**Exercise requirements**
Copy from the first line below down to and including the line with "トップス ルームウェア 前開き". Skip the pictures.
[[ Dataset section open ]]
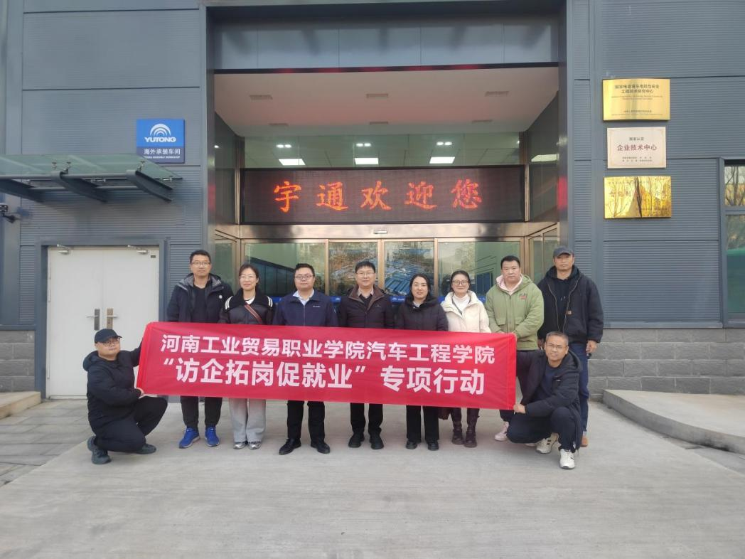 为深入贯彻落实产教融合、校企合作育人理念,精准对接行业龙头企业用人需求,拓宽毕业生就业渠道,同时切实关心关爱一线实习师生,2025年12月17日,由汽车工程学院院长苏超杰、党总支书记陈冰赛、党总支副书记雒廷、副院长宋芳、办公室主任蒋帅等组成的走访慰问组,先后赴上海汽车集团股份有限公司乘用车郑州分公司、郑州宇通集团有限公司、郑州深澜动力科技有限公司开展访企拓岗暨实习师生慰问活动。
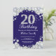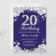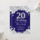 Convite de Aniversário de 20. Fundo do Quadro de Diamantes de Marinho Azul e Silver Rhinestone. Convite para o Elegante Birthday Bash.Preto & Branco. Aniversário Adulto. Aniversário das mulheres. Homens Aniversário.
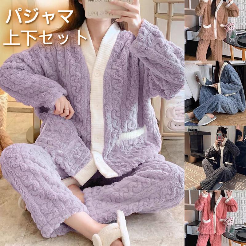 トップス ルームウェア 前開き ゆったり 防寒 長袖 冬 ボア 部屋着 上下セット もこもこ レディース かわいい パジャマ 寝巻き 暖かい 保温 あったか 厚手
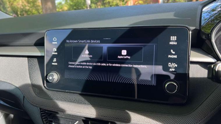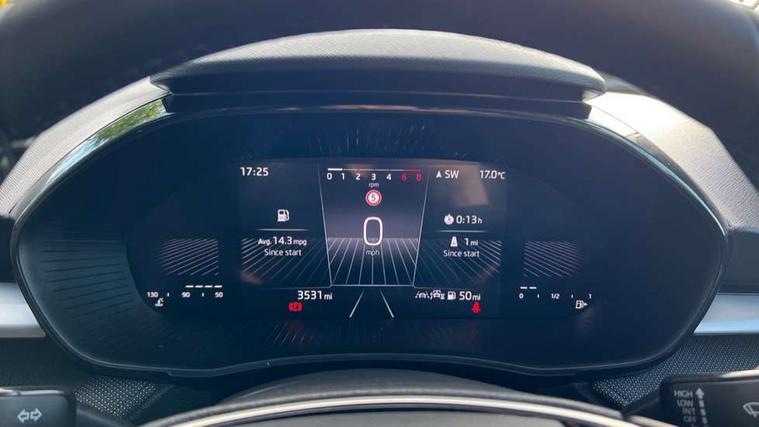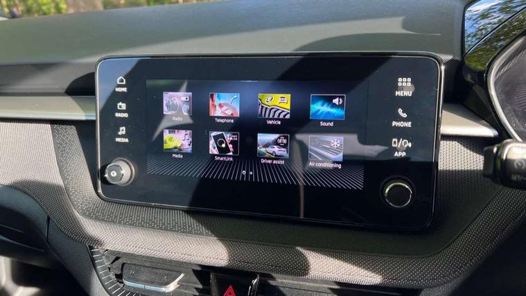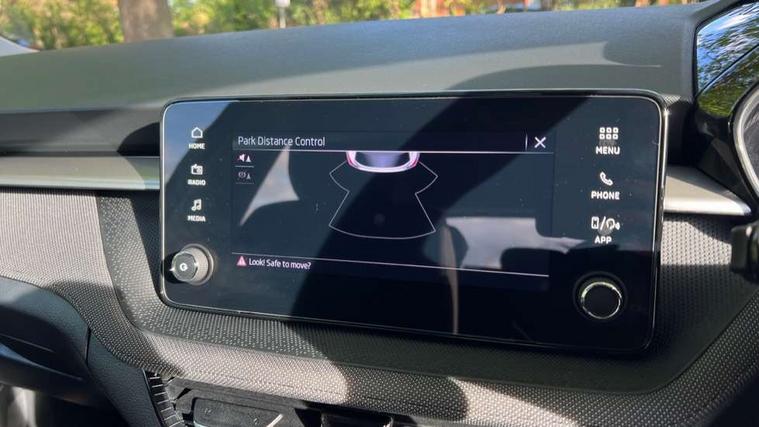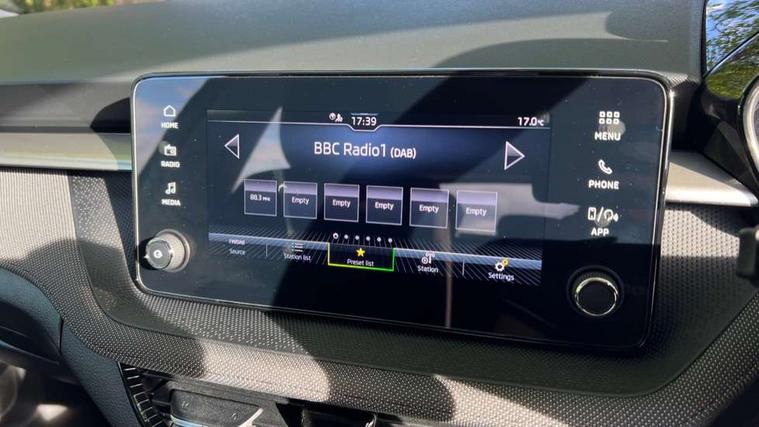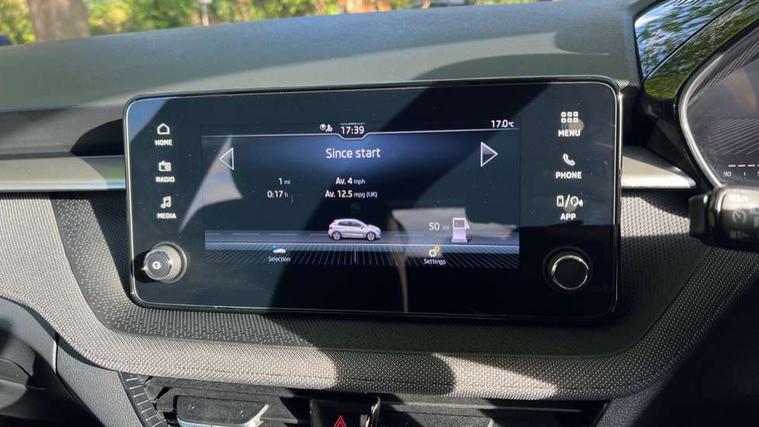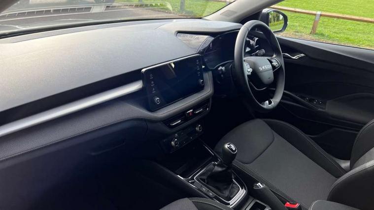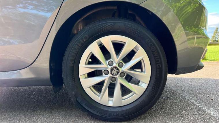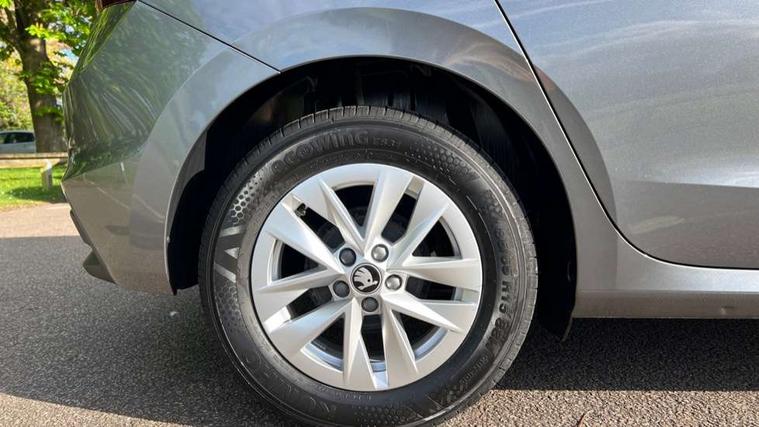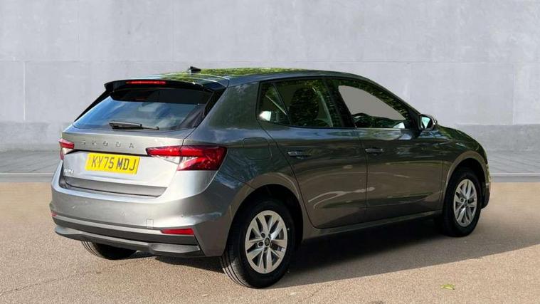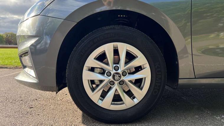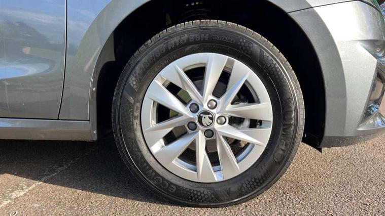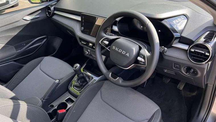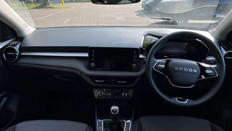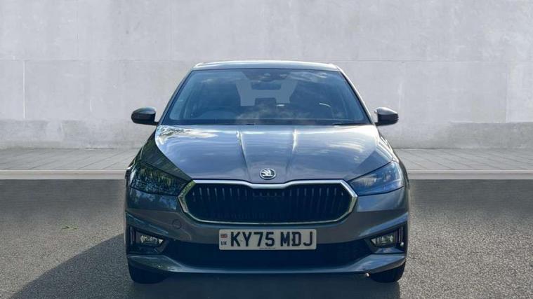 8" Digital instrument display, Advanced driver attention and drowsiness monitor, Bluetooth connection, Driver alert system, Electromechanical power steering, Exterior temperature gauge, Rear parking sensors, Service interval indicator, Traffic sign recognition, Wireless SmartLink for Apple CarPlay and Android Auto, 6 Speakers (4 in front and 2 in rear), 8.25" Skoda infotainment touchscreen display, Auxiliary socket for external MP3 player, DAB digital radio reception, Auto dimming rear view mirror, Body colour door mirrors, Body coloured bumpers, Door mirror integrated indicators, Front and rear electric windows, Front window wiper intermittent control, Headlight range control - Automatic, LED 3rd brake light, LED daytime running lights with coming and leaving home feature, LED rear lights, Rear LED fog light, Rear side wing doors, Rear window wiper with washing nozzles, Roof mounted spoiler, SKODA tailgate lettering in chrome, Unique dark chrome design logo on alloy wheels, 2 reading lights in front and 2 reading lights in rear, 3 rear headrests, Backrest split and folding, Central console with removable cup holder and storage box, Chrome handbrake release button, Dual zone air conditioning with climatronic electronic control, Fabric upholstery, Front centre armrest, Gearshift knob/handle in leather, Grain satin black interior door handles, Hand brake lever handle in leather, Height adjustable front headrests, Height adjustable front seats, Height adjustable steering wheel, ISOFIX and TopTether anchorage points to the outer rear seats, ISOFIX and TopTether on the front passenger seat, Luggage compartment lighting, Manually adjustable lumbar support in front seats, Pollen filter, Rear seat bench unsplit, Single front passenger seat, Skoda lettering on steering wheel, Storm grey headlining, Sun visors with mirror and airbag label on passenger side, Textile floor mats, Ambient lighting pack - Fabia Hatchback, 3-point height adjustable front seats belts with pretensioner and force limiter, Automatic warning lights in case of crash, Driver and passengers airbag with switch off function, e-Call+, ESC including ABS, MSR, ASR, EDS, HBA and XDS, Front and rear seat belt warning, FRONT ASSIST (AEB City and AEB Inter Urban), Front side airbags, Head airbags, One tone horn, Pedestrian protection, Three rear 3-points safety seat belts with pretensioner and force limiter including stop function for outer rear seat belts, Tyre pressure monitoring system, Anti-theft alarm system including immobiliser, interior monitoring, backup horn, and towing protection, Central locking with radio remote control, interior controls, SAFE function and 2 foldable keys, KESSY - Keyless engine start/stop, Black painted air vents, Grain satin black central console cover, Metallic grey upper decorative trim, Satin black door and side trim panel in front, Textile Kota grey lower decorative inserts, Anti-theft wheel bolts protection, Super-low rolling resistance tyres,
[[ Dataset section closed ]]
**Exercise response**
 为深入贯彻落实产教融合、校企合作育人理念,精准对接行业龙头企业用人需求,拓宽毕业生就业渠道,同时切实关心关爱一线实习师生,2025年12月17日,由汽车工程学院院长苏超杰、党总支书记陈冰赛、党总支副书记雒廷、副院长宋芳、办公室主任蒋帅等组成的走访慰问组,先后赴上海汽车集团股份有限公司乘用车郑州分公司、郑州宇通集团有限公司、郑州深澜动力科技有限公司开展访企拓岗暨实习师生慰问活动。
 Convite de Aniversário de 20. Fundo do Quadro de Diamantes de Marinho Azul e Silver Rhinestone. Convite para o Elegante Birthday Bash.Preto & Branco. Aniversário Adulto. Aniversário das mulheres. Homens Aniversário.
 トップス ルームウェア 前開き ゆったり 防寒 長袖 冬 ボア 部屋着 上下セット もこもこ レディース かわいい パジャマ 寝巻き 暖かい 保温 あったか 厚手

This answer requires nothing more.